Partnerschaftsbonus: zusätzliche ElterngeldPlus-Monate

Der Partnerschaftsbonus belohnt Eltern, die sich Erwerbsarbeit und Familie partnerschaftlich teilen. Wenn beide gleichzeitig in einem bestimmten Stundenumfang arbeiten, gibt es zusätzliche ElterngeldPlus-Monate obendrauf. Das lohnt sich besonders, weil Sie so Gehalt und Elterngeld gleichzeitig beziehen.

Was ist der Partnerschaftsbonus?

Der Partnerschaftsbonus besteht aus zusätzlichen ElterngeldPlus-Monaten, die Sie über den normalen Anspruch hinaus erhalten. Voraussetzung: Beide Eltern arbeiten gleichzeitig in Teilzeit.

Konkret müssen beide Elternteile gleichzeitig zwischen 24 und 32 Wochenstunden arbeiten. Je nachdem, über wie viele Monate Sie diese Bedingung erfüllen, gibt es je 2, 3 oder 4 zusätzliche ElterngeldPlus-Monate.

So funktionieren die Bonusmonate

Wie beim normalen ElterngeldPlus liegt der Betrag in den Bonusmonaten bei höchstens der Hälfte des Basiselterngeldes, mindestens jedoch 150 € und höchstens 900 € pro Monat. Während dieser Zeit arbeiten beide Eltern in Teilzeit und beziehen zusätzlich Elterngeld.

Damit lässt sich der finanzielle Spielraum spürbar verbessern: Sie behalten einen Teil Ihres Gehalts und erhalten gleichzeitig Elterngeld für mehrere zusätzliche Monate. Wer den Bonus nicht nutzt, verschenkt diese Monate.

Für wen sich der Partnerschaftsbonus lohnt

Der Bonus passt gut zu Familien, in denen beide Elternteile nach der Geburt wieder einsteigen und sich Beruf und Betreuung teilen möchten. Statt dass ein Elternteil voll arbeitet und der andere ganz zu Hause bleibt, reduzieren beide ihre Stunden auf den geforderten Korridor von 24 bis 32 Wochenstunden.

Wichtig ist, dass beide die Stundengrenzen im selben Zeitraum einhalten – sonst entfällt der Bonus für diese Monate. Planen Sie die Phase deshalb gemeinsam mit Ihren Arbeitgebern.
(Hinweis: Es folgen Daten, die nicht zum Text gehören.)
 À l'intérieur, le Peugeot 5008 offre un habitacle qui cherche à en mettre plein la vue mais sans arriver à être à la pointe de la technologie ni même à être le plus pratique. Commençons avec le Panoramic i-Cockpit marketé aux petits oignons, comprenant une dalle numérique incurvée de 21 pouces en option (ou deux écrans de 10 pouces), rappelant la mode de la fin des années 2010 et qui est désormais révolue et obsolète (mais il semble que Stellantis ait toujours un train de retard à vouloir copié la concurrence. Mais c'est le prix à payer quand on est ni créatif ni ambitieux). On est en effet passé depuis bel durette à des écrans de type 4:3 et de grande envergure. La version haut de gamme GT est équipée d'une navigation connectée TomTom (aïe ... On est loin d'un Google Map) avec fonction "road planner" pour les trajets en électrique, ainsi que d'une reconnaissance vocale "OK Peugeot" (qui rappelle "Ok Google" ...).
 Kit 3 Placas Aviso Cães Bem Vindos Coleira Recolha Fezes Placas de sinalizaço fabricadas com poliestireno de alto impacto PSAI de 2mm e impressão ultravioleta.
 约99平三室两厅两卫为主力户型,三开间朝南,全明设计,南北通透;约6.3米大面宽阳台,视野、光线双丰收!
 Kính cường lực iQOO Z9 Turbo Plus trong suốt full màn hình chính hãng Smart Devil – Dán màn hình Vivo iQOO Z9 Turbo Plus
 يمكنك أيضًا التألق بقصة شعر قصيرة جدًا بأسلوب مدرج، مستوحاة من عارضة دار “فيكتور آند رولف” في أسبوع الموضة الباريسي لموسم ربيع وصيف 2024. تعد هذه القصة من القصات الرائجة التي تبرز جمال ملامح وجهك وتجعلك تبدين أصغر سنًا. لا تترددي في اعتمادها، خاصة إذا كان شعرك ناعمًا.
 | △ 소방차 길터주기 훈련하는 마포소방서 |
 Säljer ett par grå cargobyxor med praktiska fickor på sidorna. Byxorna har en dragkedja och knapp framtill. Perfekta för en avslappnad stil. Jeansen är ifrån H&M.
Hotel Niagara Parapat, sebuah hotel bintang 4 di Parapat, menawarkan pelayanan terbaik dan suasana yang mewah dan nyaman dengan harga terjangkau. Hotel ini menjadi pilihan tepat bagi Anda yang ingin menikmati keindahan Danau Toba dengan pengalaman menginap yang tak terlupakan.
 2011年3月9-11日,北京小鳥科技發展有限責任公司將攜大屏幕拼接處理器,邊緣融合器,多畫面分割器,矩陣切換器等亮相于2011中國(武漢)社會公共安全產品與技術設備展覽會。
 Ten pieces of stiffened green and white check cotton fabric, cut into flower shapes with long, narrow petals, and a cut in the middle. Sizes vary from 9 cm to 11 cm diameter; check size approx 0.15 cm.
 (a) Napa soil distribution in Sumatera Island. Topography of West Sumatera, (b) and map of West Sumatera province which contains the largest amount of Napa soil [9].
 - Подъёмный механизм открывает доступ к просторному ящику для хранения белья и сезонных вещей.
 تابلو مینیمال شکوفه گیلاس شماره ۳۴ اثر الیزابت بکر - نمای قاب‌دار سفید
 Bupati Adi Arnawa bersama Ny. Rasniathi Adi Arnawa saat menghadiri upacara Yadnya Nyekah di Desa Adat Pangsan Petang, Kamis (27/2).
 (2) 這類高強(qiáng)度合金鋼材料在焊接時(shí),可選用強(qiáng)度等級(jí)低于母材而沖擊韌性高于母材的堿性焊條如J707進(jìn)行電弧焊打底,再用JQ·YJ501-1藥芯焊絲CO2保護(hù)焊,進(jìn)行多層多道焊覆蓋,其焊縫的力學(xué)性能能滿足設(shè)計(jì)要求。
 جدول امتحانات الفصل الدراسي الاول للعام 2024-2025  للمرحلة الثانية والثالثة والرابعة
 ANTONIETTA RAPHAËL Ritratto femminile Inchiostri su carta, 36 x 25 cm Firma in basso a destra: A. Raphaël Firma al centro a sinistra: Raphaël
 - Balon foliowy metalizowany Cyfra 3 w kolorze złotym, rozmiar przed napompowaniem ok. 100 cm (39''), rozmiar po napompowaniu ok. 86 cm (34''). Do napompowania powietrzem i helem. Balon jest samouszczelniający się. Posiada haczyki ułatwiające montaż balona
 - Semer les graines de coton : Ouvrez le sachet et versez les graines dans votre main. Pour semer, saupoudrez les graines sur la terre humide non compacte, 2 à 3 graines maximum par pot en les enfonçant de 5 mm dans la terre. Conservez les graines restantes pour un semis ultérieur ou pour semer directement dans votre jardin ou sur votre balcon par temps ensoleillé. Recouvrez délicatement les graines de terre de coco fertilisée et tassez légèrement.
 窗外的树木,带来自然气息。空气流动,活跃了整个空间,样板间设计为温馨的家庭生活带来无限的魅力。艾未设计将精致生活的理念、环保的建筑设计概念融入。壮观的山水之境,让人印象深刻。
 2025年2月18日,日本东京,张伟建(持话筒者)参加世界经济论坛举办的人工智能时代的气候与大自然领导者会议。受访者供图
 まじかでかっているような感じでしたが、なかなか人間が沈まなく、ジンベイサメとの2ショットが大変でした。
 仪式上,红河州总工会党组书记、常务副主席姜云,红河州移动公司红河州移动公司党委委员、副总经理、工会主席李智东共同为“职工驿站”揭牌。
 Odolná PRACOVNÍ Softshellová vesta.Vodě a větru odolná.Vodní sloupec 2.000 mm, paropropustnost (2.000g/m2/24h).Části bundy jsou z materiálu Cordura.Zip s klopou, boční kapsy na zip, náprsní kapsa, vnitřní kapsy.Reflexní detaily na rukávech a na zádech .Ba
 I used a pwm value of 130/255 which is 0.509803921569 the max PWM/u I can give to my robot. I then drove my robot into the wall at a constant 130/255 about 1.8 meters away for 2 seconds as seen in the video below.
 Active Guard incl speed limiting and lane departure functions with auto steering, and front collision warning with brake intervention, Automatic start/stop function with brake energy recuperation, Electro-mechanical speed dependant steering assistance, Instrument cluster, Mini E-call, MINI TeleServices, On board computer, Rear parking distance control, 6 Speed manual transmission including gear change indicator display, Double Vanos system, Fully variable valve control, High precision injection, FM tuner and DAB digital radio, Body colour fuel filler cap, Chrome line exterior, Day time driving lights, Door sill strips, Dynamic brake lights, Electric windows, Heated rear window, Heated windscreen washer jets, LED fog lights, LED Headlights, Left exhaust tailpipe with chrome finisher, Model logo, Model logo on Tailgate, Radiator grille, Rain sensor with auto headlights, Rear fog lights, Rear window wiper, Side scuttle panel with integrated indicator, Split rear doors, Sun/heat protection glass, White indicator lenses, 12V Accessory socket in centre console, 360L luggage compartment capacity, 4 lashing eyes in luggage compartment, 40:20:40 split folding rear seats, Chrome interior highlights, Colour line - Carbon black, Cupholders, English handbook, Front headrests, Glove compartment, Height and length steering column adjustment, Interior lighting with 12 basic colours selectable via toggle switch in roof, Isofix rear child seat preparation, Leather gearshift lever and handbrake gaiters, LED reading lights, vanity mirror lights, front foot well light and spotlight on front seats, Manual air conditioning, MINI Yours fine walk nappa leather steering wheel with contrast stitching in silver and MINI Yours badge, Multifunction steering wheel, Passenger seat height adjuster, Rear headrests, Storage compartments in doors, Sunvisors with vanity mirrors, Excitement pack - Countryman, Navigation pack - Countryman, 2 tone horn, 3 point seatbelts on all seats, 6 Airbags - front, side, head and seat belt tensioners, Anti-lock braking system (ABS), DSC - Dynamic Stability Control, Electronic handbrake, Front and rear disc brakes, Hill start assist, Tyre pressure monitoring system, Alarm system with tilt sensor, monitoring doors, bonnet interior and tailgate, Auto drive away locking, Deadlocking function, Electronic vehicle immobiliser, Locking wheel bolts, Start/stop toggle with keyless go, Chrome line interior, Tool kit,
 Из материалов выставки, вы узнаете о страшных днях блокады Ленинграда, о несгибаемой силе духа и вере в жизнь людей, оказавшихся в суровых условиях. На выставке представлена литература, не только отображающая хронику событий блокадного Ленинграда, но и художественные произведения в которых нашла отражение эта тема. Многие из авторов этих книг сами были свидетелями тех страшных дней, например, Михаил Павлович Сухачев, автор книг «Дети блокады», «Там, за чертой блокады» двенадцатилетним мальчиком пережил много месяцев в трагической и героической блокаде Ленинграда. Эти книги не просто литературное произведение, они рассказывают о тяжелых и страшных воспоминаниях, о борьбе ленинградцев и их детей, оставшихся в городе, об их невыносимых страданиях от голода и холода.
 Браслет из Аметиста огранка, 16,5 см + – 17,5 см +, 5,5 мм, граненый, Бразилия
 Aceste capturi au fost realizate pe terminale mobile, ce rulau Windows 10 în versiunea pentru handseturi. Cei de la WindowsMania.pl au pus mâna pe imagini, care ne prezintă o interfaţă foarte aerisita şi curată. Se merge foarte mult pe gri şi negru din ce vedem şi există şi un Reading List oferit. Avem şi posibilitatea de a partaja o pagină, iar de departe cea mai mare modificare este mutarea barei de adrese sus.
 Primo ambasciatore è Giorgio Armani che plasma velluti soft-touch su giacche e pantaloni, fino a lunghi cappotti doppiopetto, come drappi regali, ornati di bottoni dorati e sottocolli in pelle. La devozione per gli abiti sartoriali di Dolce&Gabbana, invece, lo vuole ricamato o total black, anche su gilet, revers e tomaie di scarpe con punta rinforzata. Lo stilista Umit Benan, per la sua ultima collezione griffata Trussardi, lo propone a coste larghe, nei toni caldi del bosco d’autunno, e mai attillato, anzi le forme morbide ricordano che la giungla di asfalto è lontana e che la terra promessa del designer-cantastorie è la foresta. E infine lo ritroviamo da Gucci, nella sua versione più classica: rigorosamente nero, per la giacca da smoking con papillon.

Lohnt sich der Bonus in Ihrem Fall?

Ob und wie viele Bonusmonate für Sie sinnvoll sind, hängt von beiden Arbeitszeiten und Einkommen ab. Der kostenlose Elterngeld-Rechner von Antragshilfe berechnet die persönliche Höhe und zeigt, wie sich der Partnerschaftsbonus in die optimale Aufteilung einfügt.

Diese Informationen sind eine Orientierungshilfe und keine Rechts- oder Steuerberatung. Die verbindliche Entscheidung über den Partnerschaftsbonus trifft Ihre zuständige Elterngeldstelle.

Perguntas frequentes

Wie viele Wochenstunden muss ich für den Partnerschaftsbonus arbeiten?
Beide Eltern müssen gleichzeitig zwischen 24 und 32 Wochenstunden arbeiten. Nur wenn beide in diesem Korridor liegen, entsteht der Anspruch auf die Bonusmonate.
Wie viele zusätzliche Monate gibt es?
Je nach Dauer, in der beide Eltern die Bedingungen erfüllen, gibt es je 2, 3 oder 4 zusätzliche ElterngeldPlus-Monate.
Wie hoch ist das Elterngeld in den Bonusmonaten?
Wie beim ElterngeldPlus höchstens die Hälfte des Basiselterngeldes, mindestens 150 € und höchstens 900 € pro Monat.
Was passiert, wenn ein Elternteil außerhalb der Stundengrenze arbeitet?
Halten nicht beide Eltern gleichzeitig die 24 bis 32 Wochenstunden ein, entfällt der Partnerschaftsbonus für diese Monate. Planen Sie die Phase deshalb gemeinsam.
Ist der Anspruch damit gesichert?
Diese Seite bietet nur Orientierung und keine Rechts- oder Steuerberatung. Ob der Partnerschaftsbonus in Ihrem Fall gewährt wird, entscheidet verbindlich Ihre Elterngeldstelle.